### ACTION ITEM
Print only the lines from the one with "2018年7月5日,长安汽车" through the end of the data, exactly, and please omit pictures.

#####

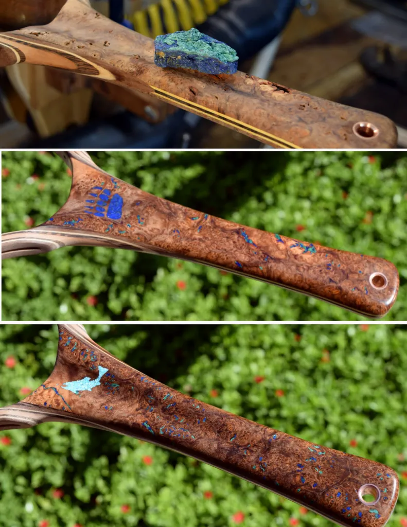 Natural azurite/malachite sitting atop a Carolina cherry burl net handle. Note the numerous burl inclusions the azurite will fill
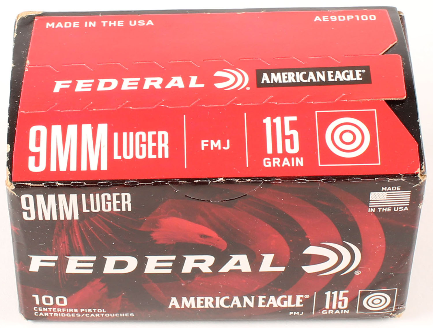 Federal , American Eagle, 9mm Luger, 115 Grain FMJ, FULL & SEALED, 1pc. Multi-colored box, box is solid with great color, light edge & corner wear, minor shelf wear, end flaps are solid. Grade: Excellent ++ - Value: 40 to 60
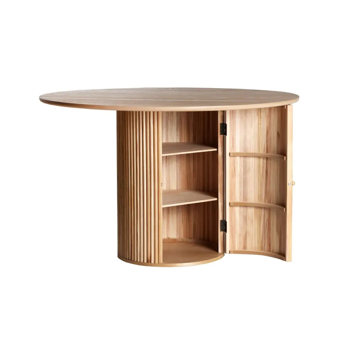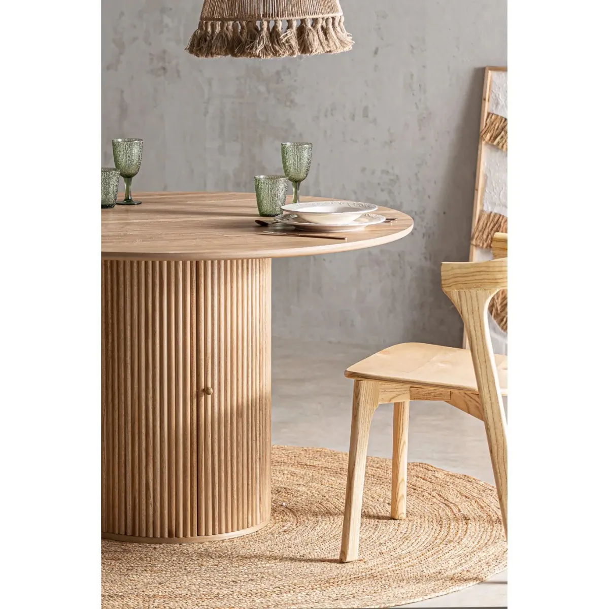 Mesa comedor redonda skagen, en color natural, de estilo nórdico. Fabricado en madera de paulownia, combinado con madera de fresno. Producto desmontable.
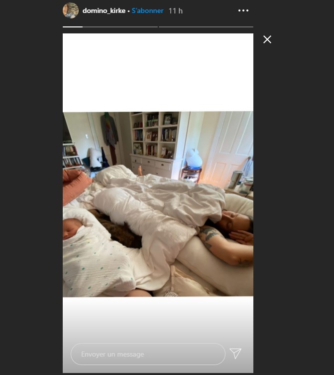 Domino Kirke a partagé la naissance de leur fils avec une photo dans sa story Instagram où son nouveau-né dort paisiblement à côté de sa mère. La sage-femme a aussi partagé une photo d'un dessin représentant un cœur réalisé avec ce qui serait le placenta du bébé.
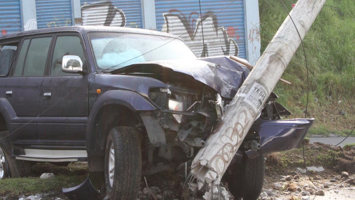 El vehículo destrozó toda la parte inferior del parante para el tendido de los cables eléctricos.
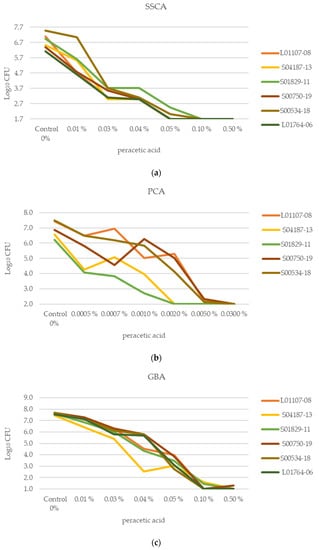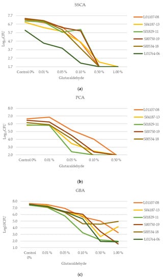 To detect a reduction ≥4 log10 CFU for a strain, the mean log10 CFU of the untreated strain had to be at least 4 log10 CFU above the limit of detection (LOD) of the assay used, resulting in a minimum of 5.7 log10, 5.0 log10, and 6.0 log10 CFU for SSCA, PCA, and GBA, respectively. Strain L01765-06, which also showed the weakest biofilm formation in the MTP assay, was, therefore, excluded for the PCA, as it did not reach consistently high cell numbers. Figure 2a–c show the effect of peracetic acid on each strain within each assay. Figure 3a–c show the effect of glutaraldehyde on each strain within each assay. The mean log10 CFU and the standard deviation (SD) for each strain in all three assays are included in the Supplementary Materials (Table S3).
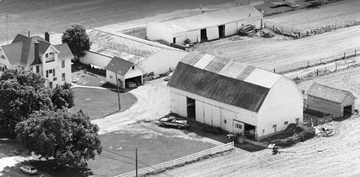 A 1966 aerial photo depicted Ellington Aircraft Salvage at perhaps its zenith of usage, with over 2-dozen light single-engine & twin-engine aircraft on the property.
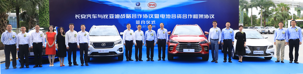 2018年7月5日,长安汽车与比亚迪在深圳签署战略合作协议,且将联合设立以新能源动力电池生产、销售为主营业务的合资公司。双方将联合各自在传统汽车、新能源汽车、智能互联网、共享出行、海外市场等领域的优势资源,围绕汽车电动化、智能化、共享出行等领域展开全方位深度合作,实现优势互补、互利共赢,合力推动中国汽车工业发展,并为广大消费者带来更加绿色、智能的出行体验和服务。
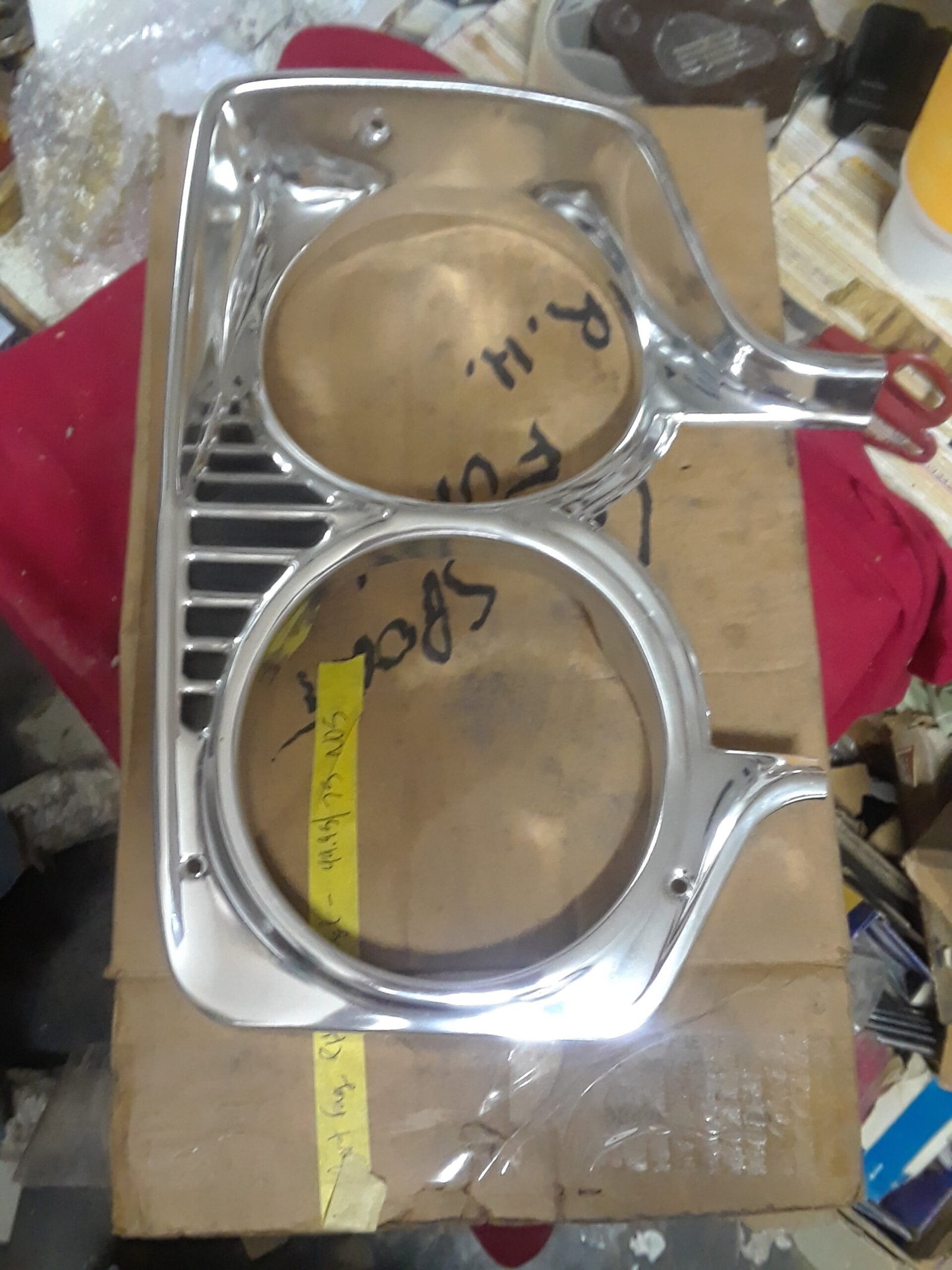 This is a NOS headlight bezel for the models and years listed below. This is the RIGHT or passenger side for these models. This is a new old stock original Chrysler part. Matching LEFT bezel [2578225] is also available on this site.

#####

### ANSWER BOX
 2018年7月5日,长安汽车与比亚迪在深圳签署战略合作协议,且将联合设立以新能源动力电池生产、销售为主营业务的合资公司。双方将联合各自在传统汽车、新能源汽车、智能互联网、共享出行、海外市场等领域的优势资源,围绕汽车电动化、智能化、共享出行等领域展开全方位深度合作,实现优势互补、互利共赢,合力推动中国汽车工业发展,并为广大消费者带来更加绿色、智能的出行体验和服务。
 This is a NOS headlight bezel for the models and years listed below. This is the RIGHT or passenger side for these models. This is a new old stock original Chrysler part. Matching LEFT bezel [2578225] is also available on this site.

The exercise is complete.